# Hot call???



## Weasel (Jun 18, 2012)

This one is Osage Orange with a Bloodwood band under the stainless band. The flames are lazer cut through the band so the Bloodwood shows through. I looks really nice in person. It was a real tough one to fit, but it came out better than I had ever thought possible. The mouthpiece is tenon fitted and extends into the barrel. The entire call is sanded to 1500 grit, finished, polished and waxed inside and out.

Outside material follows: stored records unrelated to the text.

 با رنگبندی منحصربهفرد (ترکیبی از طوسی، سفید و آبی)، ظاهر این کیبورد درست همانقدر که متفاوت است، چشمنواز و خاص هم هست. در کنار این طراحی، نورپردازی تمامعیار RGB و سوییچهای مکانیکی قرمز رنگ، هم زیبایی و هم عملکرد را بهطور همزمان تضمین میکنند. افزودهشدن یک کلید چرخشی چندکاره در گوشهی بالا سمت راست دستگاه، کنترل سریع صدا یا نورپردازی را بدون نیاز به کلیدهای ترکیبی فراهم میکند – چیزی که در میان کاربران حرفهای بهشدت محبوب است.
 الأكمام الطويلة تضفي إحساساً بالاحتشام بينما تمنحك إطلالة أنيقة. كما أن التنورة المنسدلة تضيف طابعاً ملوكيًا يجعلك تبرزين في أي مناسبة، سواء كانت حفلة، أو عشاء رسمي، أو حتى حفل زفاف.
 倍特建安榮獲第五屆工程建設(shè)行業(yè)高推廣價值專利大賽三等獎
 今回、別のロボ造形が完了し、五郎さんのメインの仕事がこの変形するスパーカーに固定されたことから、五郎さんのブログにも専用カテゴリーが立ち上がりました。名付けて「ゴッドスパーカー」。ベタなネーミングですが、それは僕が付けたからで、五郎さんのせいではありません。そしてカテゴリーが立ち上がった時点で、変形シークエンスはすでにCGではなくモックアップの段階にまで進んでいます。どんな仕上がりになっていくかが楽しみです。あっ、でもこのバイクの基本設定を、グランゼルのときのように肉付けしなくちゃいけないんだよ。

$40 to anywhere in the U.S. I'll pay the postage. Thanks for looking!


----------



## pantherarms99 (Nov 2, 2011)

Very nice call


----------



## Rick Howard (Feb 25, 2012)

Nice call Weasel. What is the voice?


----------



## jawbreaker (Oct 30, 2012)

Weasel, I really like the bands you put on your calls, I may have to find some for the calls I make, I have used some anadized calls but they don't look as nice as those.


----------



## Weasel (Jun 18, 2012)

Thanks for the kind words. This call is sold.

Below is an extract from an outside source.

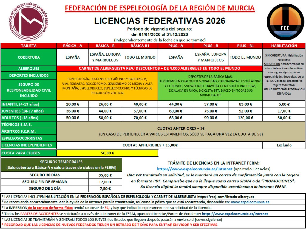 Este año, todas las licencias federativas estarán habilitadas en la recién refundada Federación Española de Espeleología. Además, la FERM abrirá cada dos semanas el Espeleódromo El Limonar para poder practicar TPV, y se programará una salida mensual a cavidades de la Región, todo ello instalado y guiado por técnicos de la EME. Se enviará más información a los federados próximamente.

Oh, jawbreaker. You really don't want to put those bands on your calls. People like the original ideas. I'm sure you can come up with ideas of your own.


----------



## jawbreaker (Oct 30, 2012)

I don't want thos bands, I just want nicer bands than what I have used in the past. Here's what I've used










I like them but I think a good stainless or brass band looks nicer.


----------



## Weasel (Jun 18, 2012)

Those are nice looking calls, jawbreaker. Great job! You know, you can cut your own bands from tubing. I made a jig so I could turn and cut tubing on my wood lathe. Aluminum, copper, brass and stainless in that order are possible. If you can find someone that does lazer cutting or engraving you can have them do any number of designs.


----------



## jawbreaker (Oct 30, 2012)

I have been thinking of doing that but haven't taken the time to actually do it.


----------



## Yotehntr (Nov 17, 2010)

Very nice looking call Weasel! Love the flame band!


----------



## HowlinRed (Feb 3, 2011)

Nice!!

I didn't realize Osage Orange looked that good!


----------



## Rick Howard (Feb 25, 2012)

Osage is some pretty awesome stuff.... Strong, Light weight, good acoustics, works well, And looks much better in person. Photo's just don't capture how nice this it really looks. No offense to your photography Weasel.


----------